Personal encounter supplies us with a context in which to place another person. If you were to meet me in my home study, you’d see a photo of my Swedish Lutheran great grandfather, a layman with a keen interest in theological study and a desire to be engaged in his local church. You’d see a Detroit Red Wings hockey puck I got probably 25 years ago. There’s a shotgun shell casing that one of Joie’s family members handed me after we got engaged. (I think he was joking?) There’s an old wooden globe that lifts up around the equator with bar storage inside it as well as shelving for glassware beneath the globe. And if you were in my study with me you would see all of those things and whatever caught your eye might spark a conversation between us.
If I met you in your back garden or your study or in your living room by the fire, I would see similar things from your life and we might speak about those.
Even meeting in coffee shops can offer some of this, of course. Last week I met a friend for lunch and as we arrived I saw he was on crutches—which is how I learned that he’d hurt his hip in a bike accident.

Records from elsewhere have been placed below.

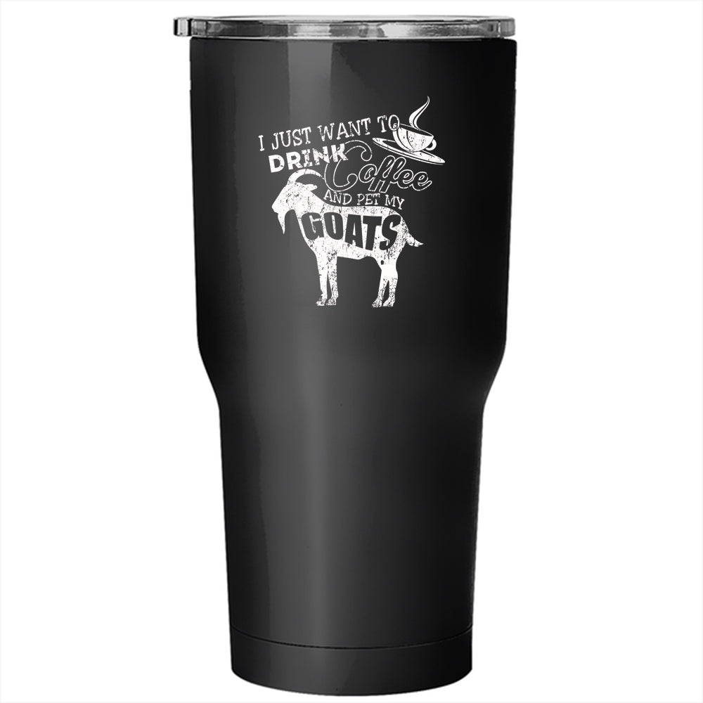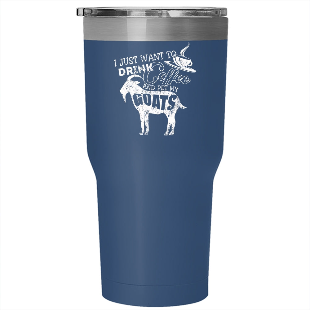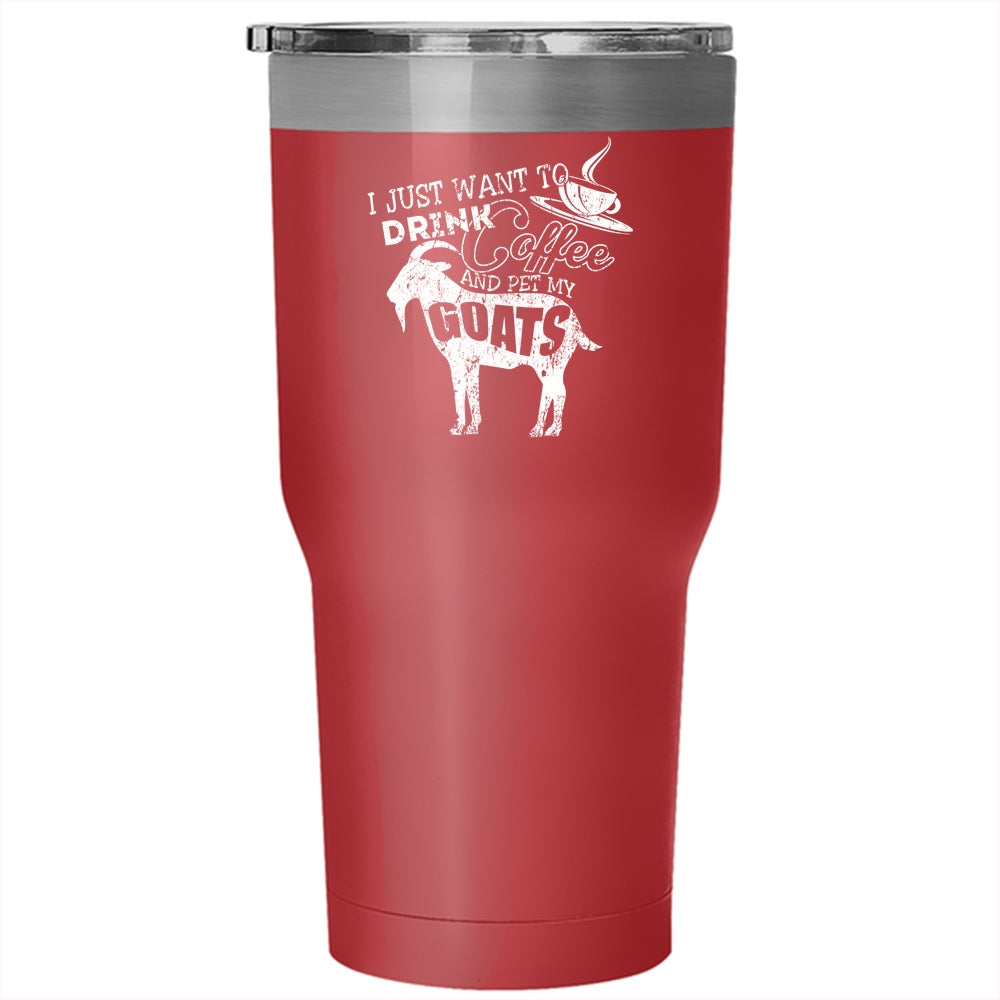 I Just Want To Drink Coffee And Pet Tumbler 30 oz Stainless Steel, My Goats Travel Mug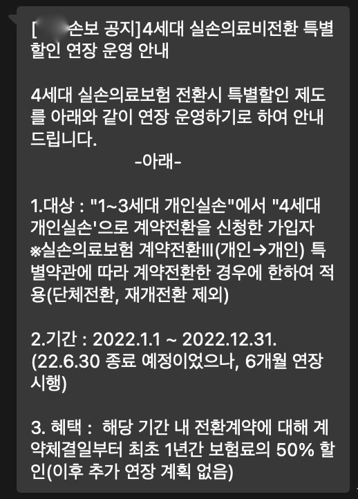 대상은 2022년 12월 말일까지 전환하는 실손특약 및 실손의료보험(실비보험) 입니다.
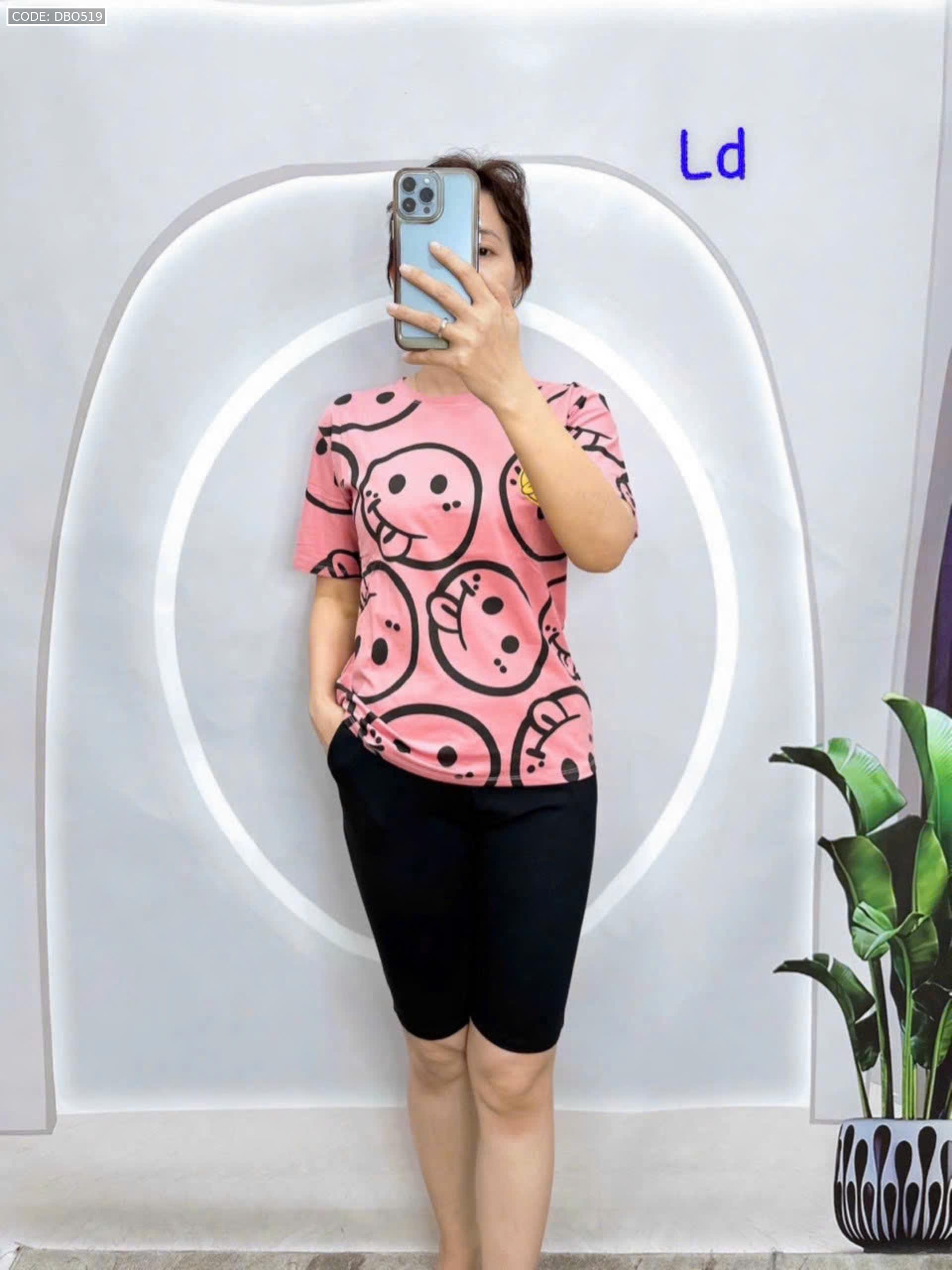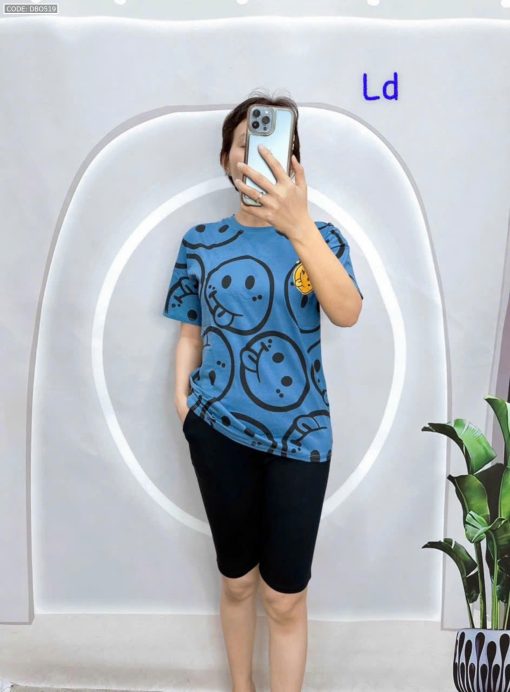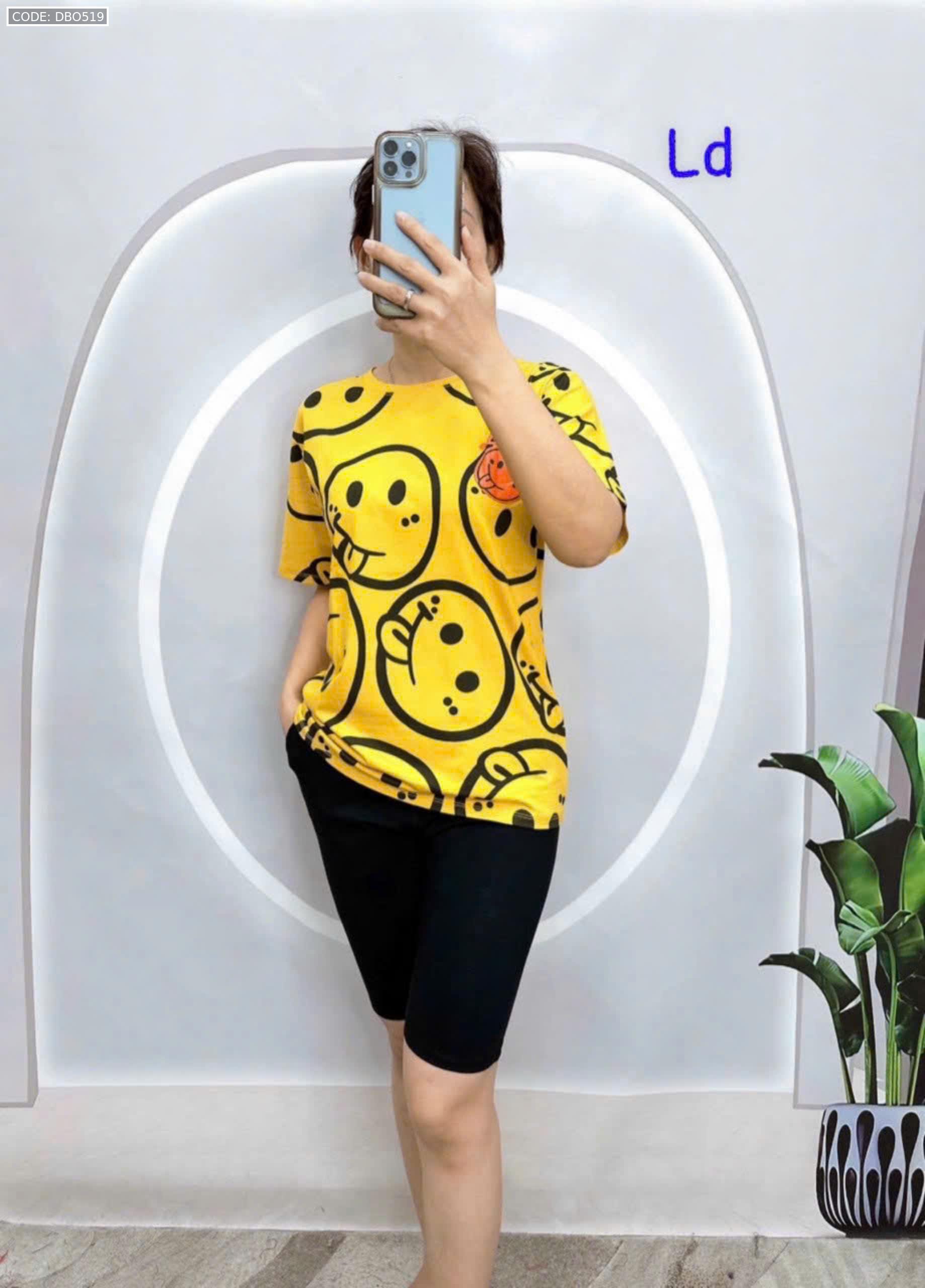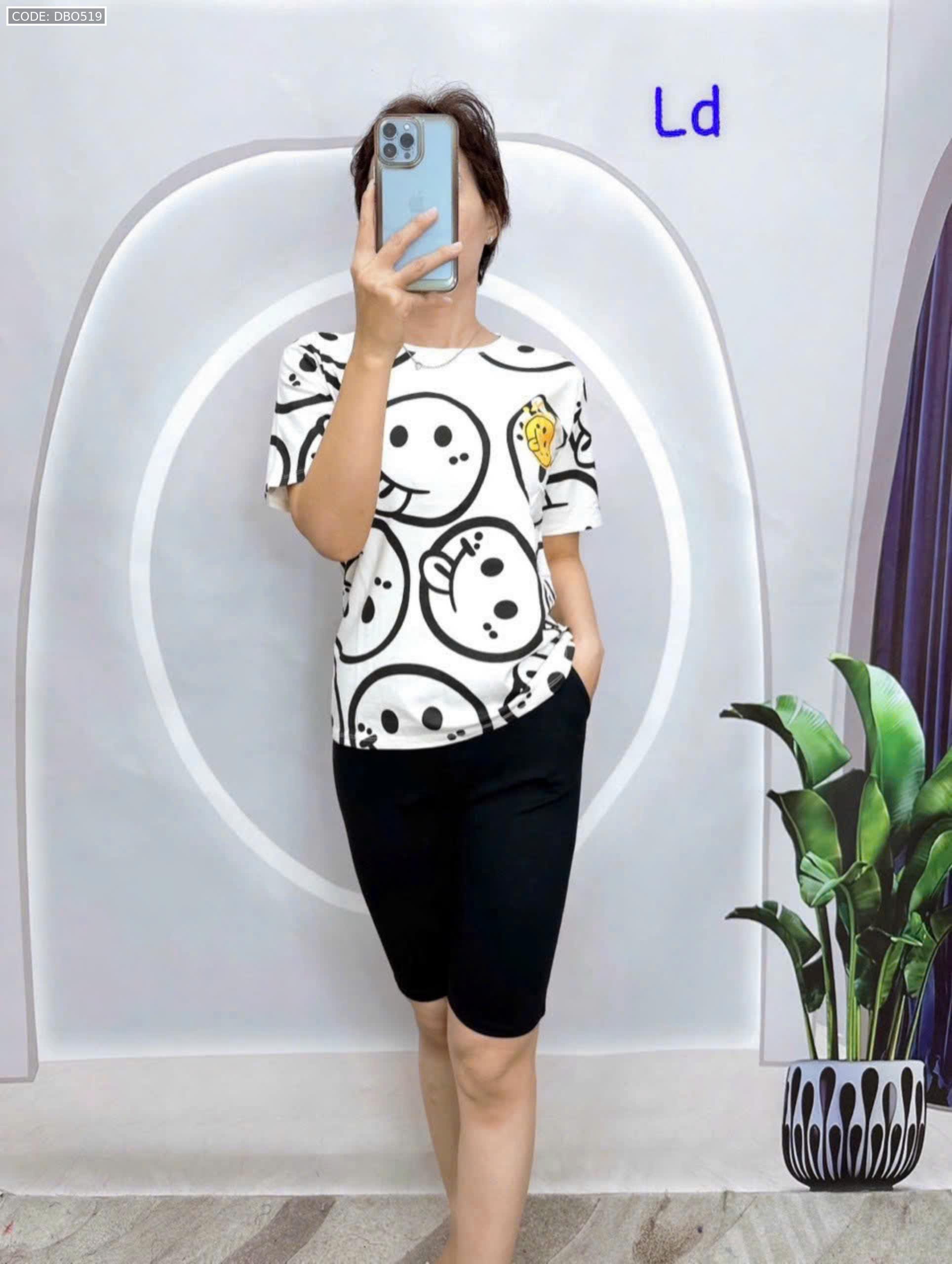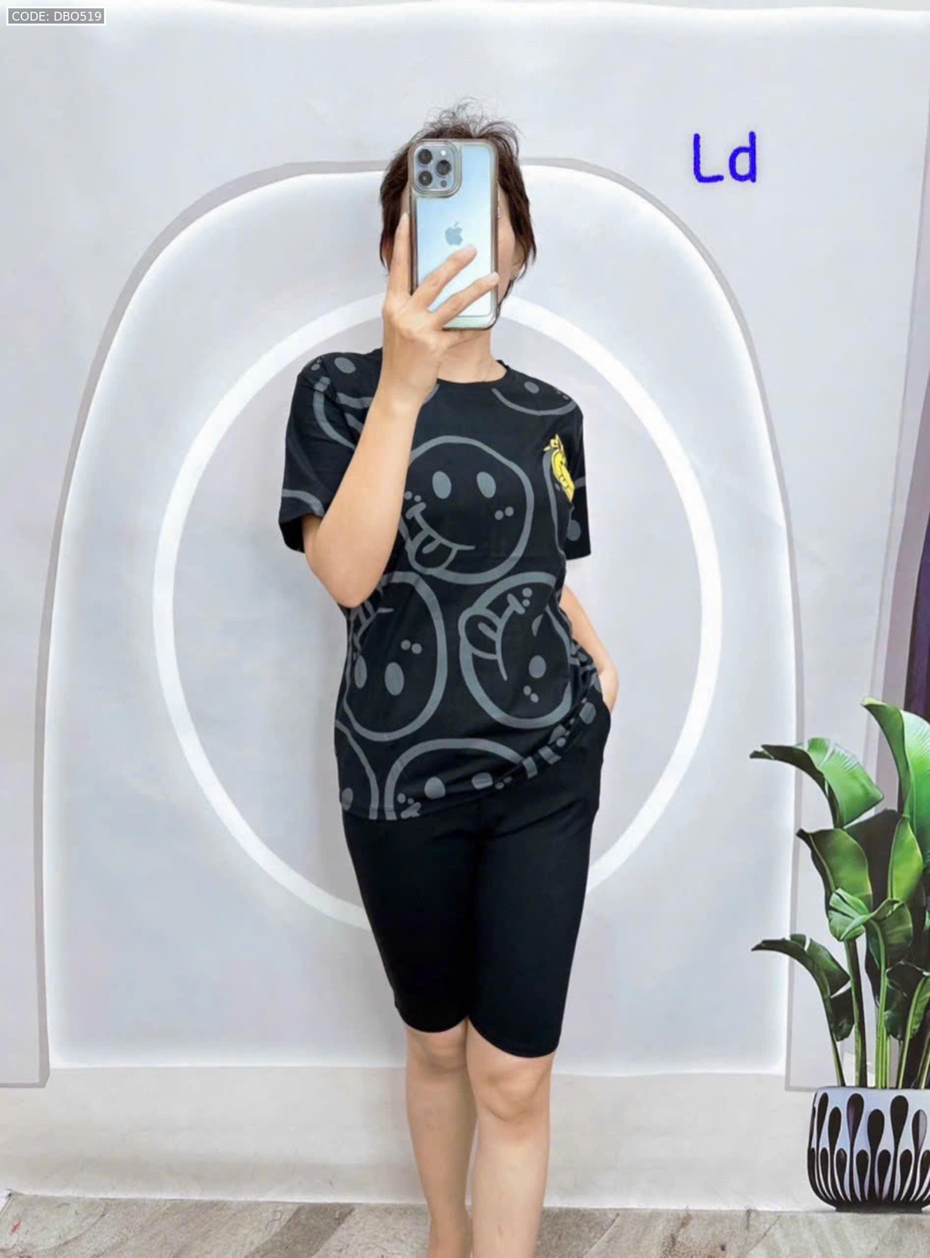 Đồ bộ áo thun quần lửng đen in mặt cười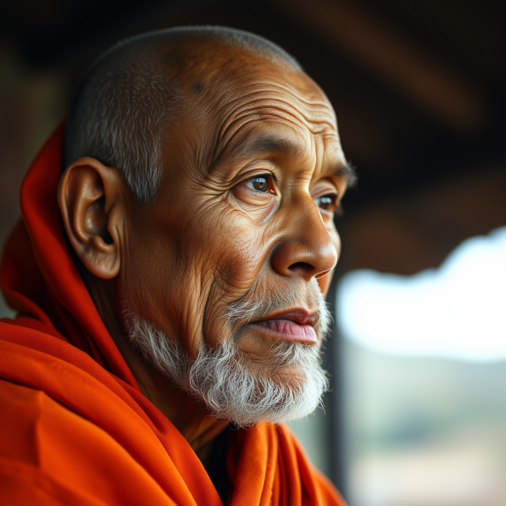 Portrait of a 58-year-old monk looking contemplatively into the distance, captured with cinematic 50mm photography. The image features hard edge lighting, highlighting the texture of his weathered face and the vibrant orange of his robes. The monk's expression is serious and introspective, reminiscent of the wise and serene demeanor of Rupert Spira, Maharshi, and Joan Tollifson. His eyes, deep and thoughtful, suggest a lifetime of spiritual exploration and inner peace. The overall composition combines the artistry of portrait photography with the profound stillness of a meditative moment.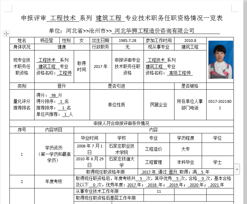 杨亚莹申报评审工程技术系列建筑工程专业技术职务任职资格情况一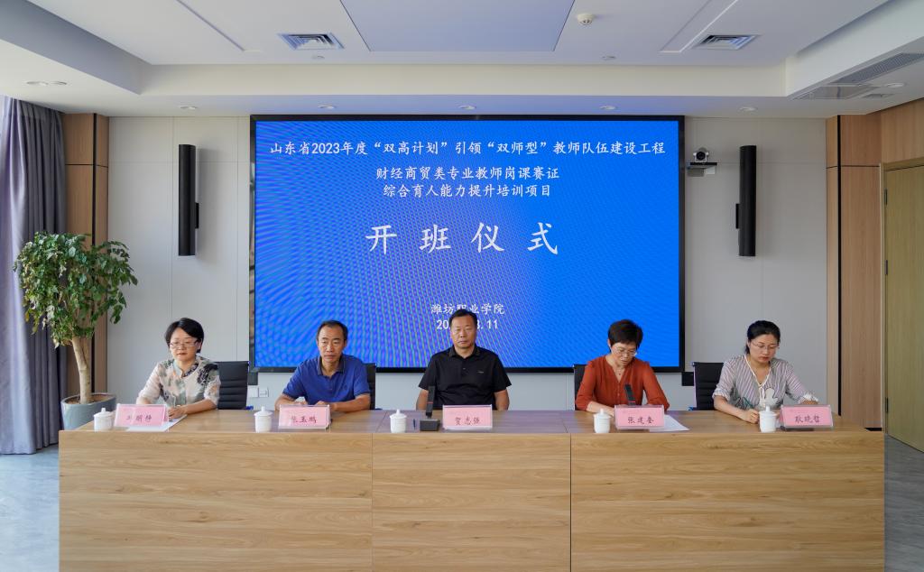 8月10日上午,山东省2023年度“双高计划”引领“双师型”教师队伍建设工程——财经商贸类专业教师岗课赛证综合育人能力提升培训项目,在76net必赢官网行政楼会议室举行开班仪式。学院党委委员、副院长贺志强,经营管理学院主要负责人、教师工作部负责同志、项目组工作人员及来自全省多所中高职院校的30名教师参加开班仪式。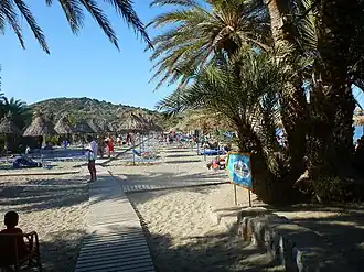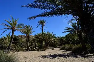 Vai (Greek: Βάι),[ii] Greek for "palm",[2][iii] is a region of east Crete between Cape Sidero and Cape Plaka, just south of the site of ancient Itanus but north of the villages that surround and are part of Palaikastro. Vai does not belong to them nor is it part of any civic unit of the local civic division of Greece. It is not itself an official village.[iv] The region is somewhat isolated on the isolated northeast peninsula, connecting only to Eparchos odos moni Toplou, the only road between Palaikastro and Toplou Monastery.[v] The entire distance is essentially trackless and deserted, as the name of one of the beaches at Itanus suggests, Eremoupolis, "deserted city".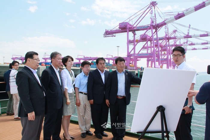 인천 중구의회 인천내항 8부두 전면 개방 및 인천 국제여객터미널 존치를 위한 특별위원회는 지난 3일 중구 지역의 당면사항인 국제여객터미널 이전 문제 및 내항 재개발 사업의 발전 방안을 모색하기 위해 인천신항을 견학했다. 사진은 이날 견학에 참여한 특별위원회 의원들의 모습.(사진제공=중구의회)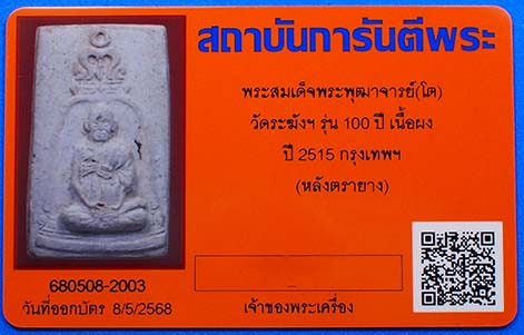 สมเด็จพระพุฒาจารย์ (โต) วัดระฆังฯ รุ่น 100 ปี พิมพ์รูปเหมือน เนื้อผง ปี 2515 จ.กรุงเทพฯ (หลังตรายาง) พร้อมกล่องเดิมและบัตรรับรองสถาบันการันตีพระ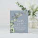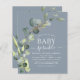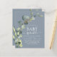 Budget Dusty Bleu Eucalyptus Verdure Aquarelle botanique Succulente Printemps Genre Neutre Bébé Garçon ou Bébé Fille Bébé Sprinkle Douche Invitations sur arrière - plan blanc - comprend belle et élégante typographie script avec feuilles botaniques modernes et la verdure pour la fête spéciale Mère à être.

When you encounter people online, all of that personal context disappears into the ether—which is a very good reason to stop trying to meet people online. That teaching elder you really hate? He might have a kid struggling with a major disability. Or maybe his older sister is dealing with dementia and is having to move into a nursing home. Or perhaps he has lost 20% of the people in his church in the past year for reasons that aren’t really his fault and now he’s feeling scared and more than a little sad as he contemplates the future.
It is hard to hate someone when you just finished praying that he would have the strength he needs to care for his dying father with advanced Parkinson’s.
But you only know about the disabled child or the sick family member or the struggling church if you’re talking to people in non-argumentative contexts where you goal isn’t winning a debate, but simply getting to know who they are and how you can pray for them. It is only through those encounters that you meet the whole person and have the pleasure of being surprised at something they say or do, like when you find out the founding father of the PCA and a long-standing TE in Evangel presbytery sometimes included dance as part of public worship.
People are interesting. Do your media, communication, and online habits and postures toward others help you remember that? Or do they make you forget it?
For the sake of our own communion and for the sake of the American church more generally, we better start remembering soon.